GDH enzyme’s catalytic glycerol production of DHA needs NAD+ as a coenzyme and therefore is expensive. The generated reduced coenzyme NADH is the competitive inhibitor of NAD+; hence, it is necessary that the coenzyme is recycled. In recent years, scholars like Baishan Fang have started considering the use of enzyme-coupling reaction [168, 175, 176], a coenzyme regeneration in the process of enzyme catalysis, to solve this problem. The coenzyme regeneration can be achieved by enzyme-coupling system of GDH with NADH oxidase or GDH with PDOR (Figs. 1, 5, 7).

Conclusions

In general, use of renewable waste substrates is an environment-friendly choice that also contributes to the reduction in the costs of waste treatment and increases the economic value of by-products. Most research studies have concentrated on the use of glycerol in production of solvents such as DHA and 1,3-PD. Expanding the glycerol-based natural process to a more efficient process based on less-expensive carbon feedstock involves several steps: changing the anaerobic process to an aerobic one; replacing the feedstock uptake (transport) mechanism of the host organism; applying intergeneric transfer of complex metabolic pathways; and adopting both the design and implementation of an optimal solution to the balance of carbon, redox, and energy with regard to microbial growth and product formation.

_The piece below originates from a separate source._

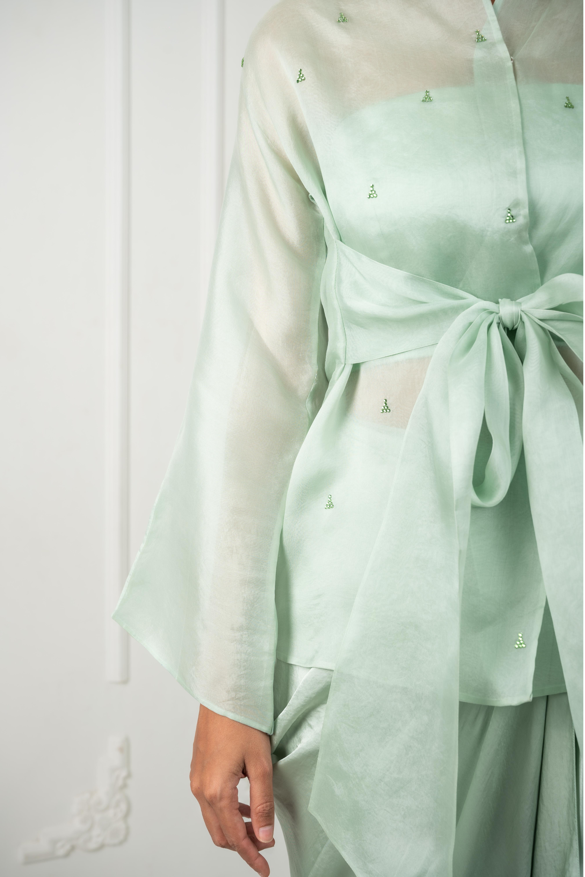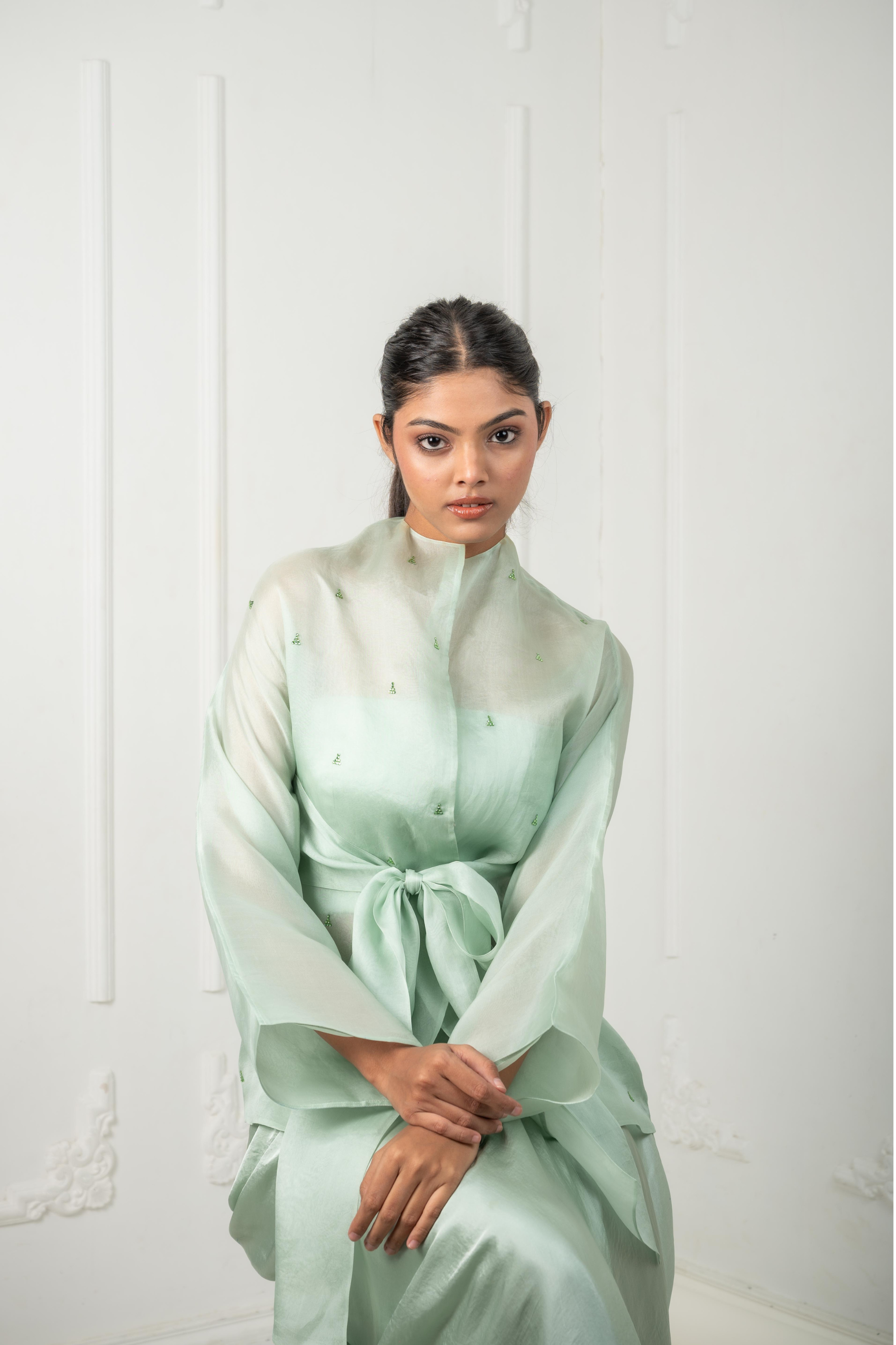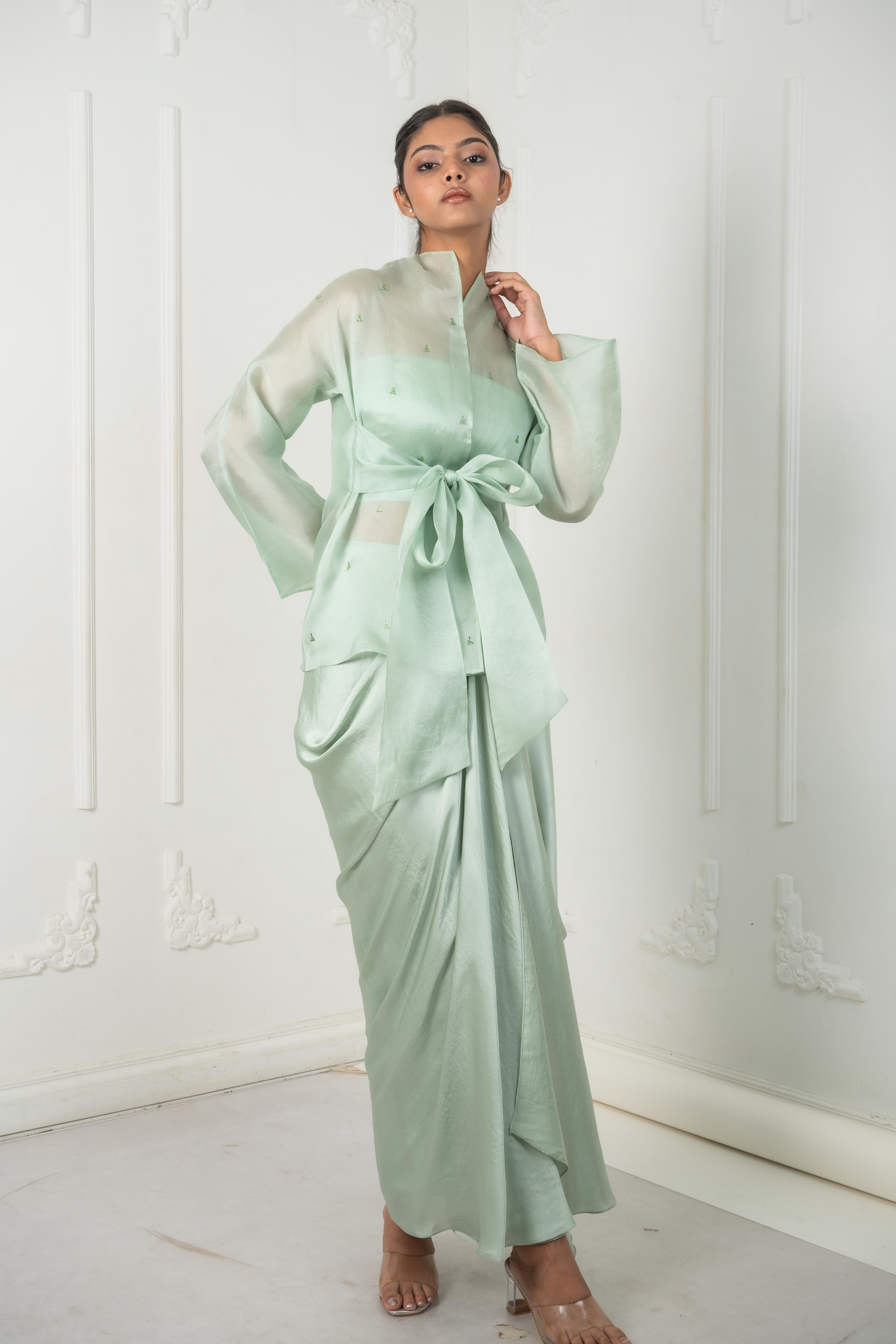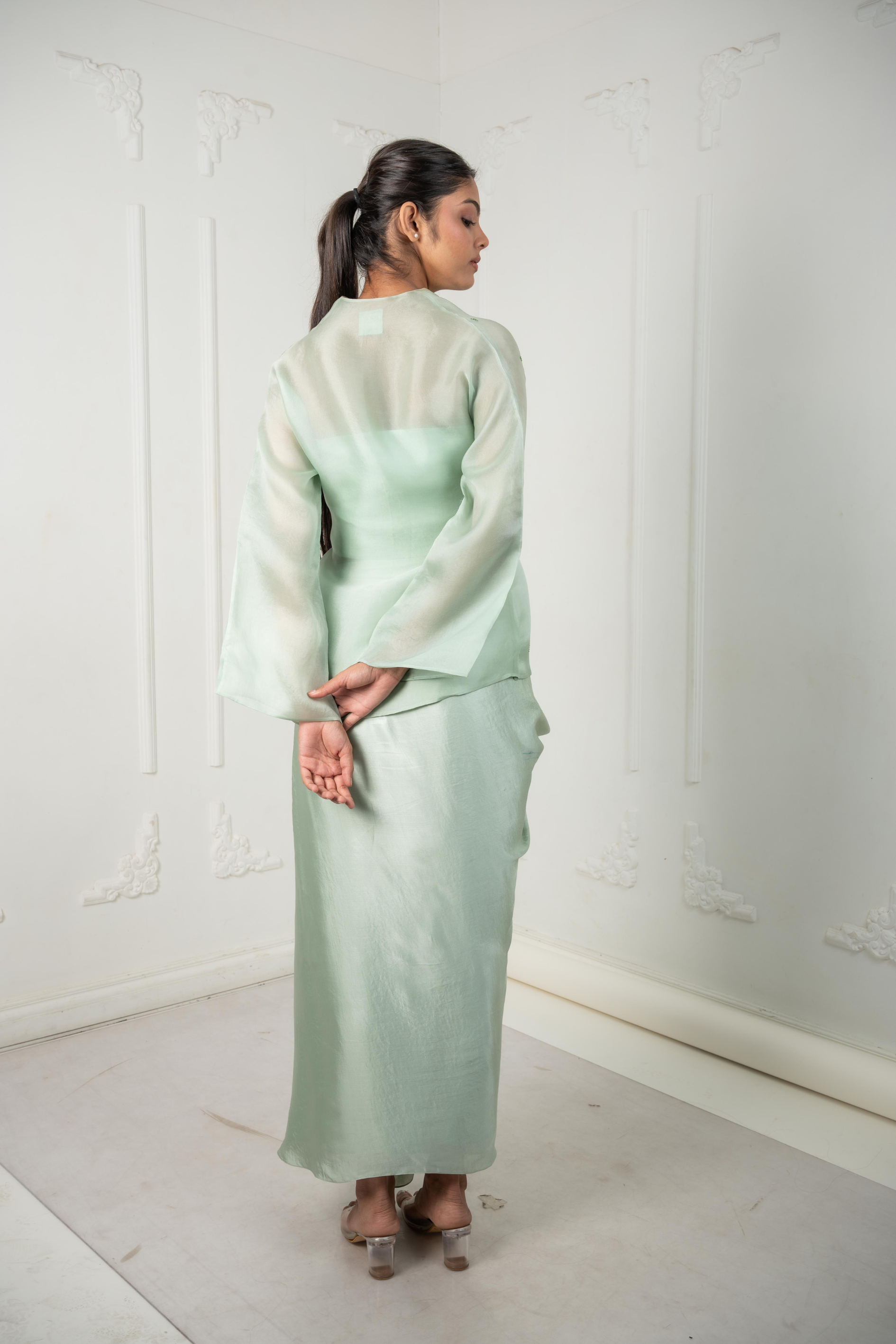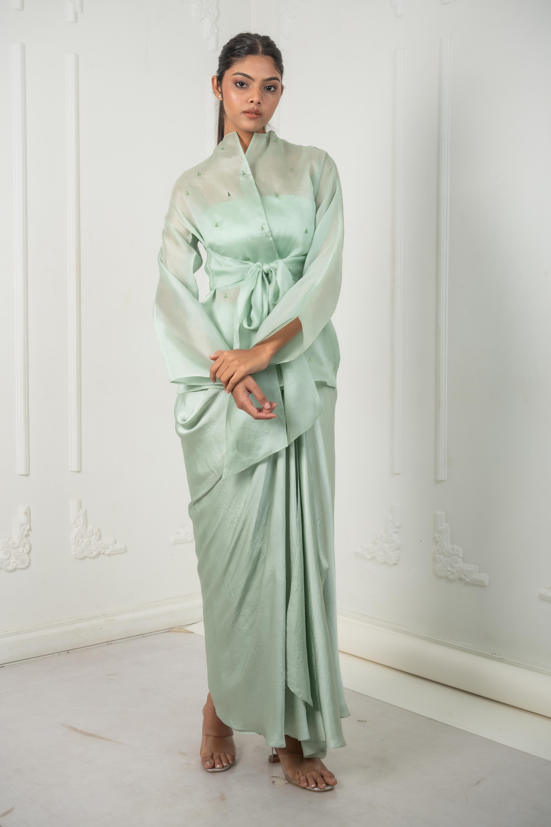Like twilight in motion, it glows softly—elegant, effortless, unforgettable.A love letter to elegant dressing, Daphne is the designer’s personal favourite—full of charm and just a hint of drama. The fluid sage green organza top ties into a soft bow, paired with a satin dropped skirt that flows with quiet grace. Scattered crystals shimmer like stardust, with minimal embroidery that lets every detail breathe.

To form a metabolic pathway, coexpressions of the key enzymes such as GDHt, PDOR, GDHt reactivase factor, DDH, etc. could directly convert cheap substrates such as glucose to 1,3-PD, and it would be ideal for the environment and recycling of resource. Some studies have been performed on this line, but it is necessary to ameliorate the metabolic system for improving the rate of conversion and productivity of 1,3-PD. Improving the societal benefit was obtained through the production of chemicals from renewable resources. The success of the project bodes well for future metabolic engineering efforts. While the study of GDHt was mainly concentrated on the coenzyme B12-dependent GDHt, the research on coenzyme B12-independent GDHt needs to be further explored due to it is increased stability, low cost for reactivation, and there being no need for coenzyme B12. It could be helpful for glycerol bioconversion and large-scale production of 1,3-PD by applying collective removal method for different types of impurities and carrying out a feasibility study of its industrial scale application. In addition, the technology of integrating catalysis, genetic engineering, protein engineering, immobilized enzyme, and the preparation of simulated enzymes holds promises for finding more new varieties of GDHt, PDOR, and GDH, and finding new strains that have the new GDHt, PDOR, or GDH (Figs. 2, 5, 7) was useful for promoting the improvement of other enzymes’ properties and the development of an ecofriendly and economic biological process for the industrial production of 1,3-PD or other important chemicals from renewable resources.

Changing the mode of production such as the enzyme-coupling method is used in the in vitro catalytic production of 1,3-PD. Compared to traditional microbial fermentation, the enzyme-coupling method has some advantages: use of enzyme catalysis technology maximizes the yield of the product and production capacity; coenzyme regeneration measures can reduce the high costs of adding coenzyme; the product of 1,3-PD can be separated in time, and thus it is no longer needed to consider the question of inhibition of 1,3-PD and PDOR; making full and optimal use of raw and auxiliary materials realizes “zero discharge” of the production process and enables easier-to-implement cleaner production.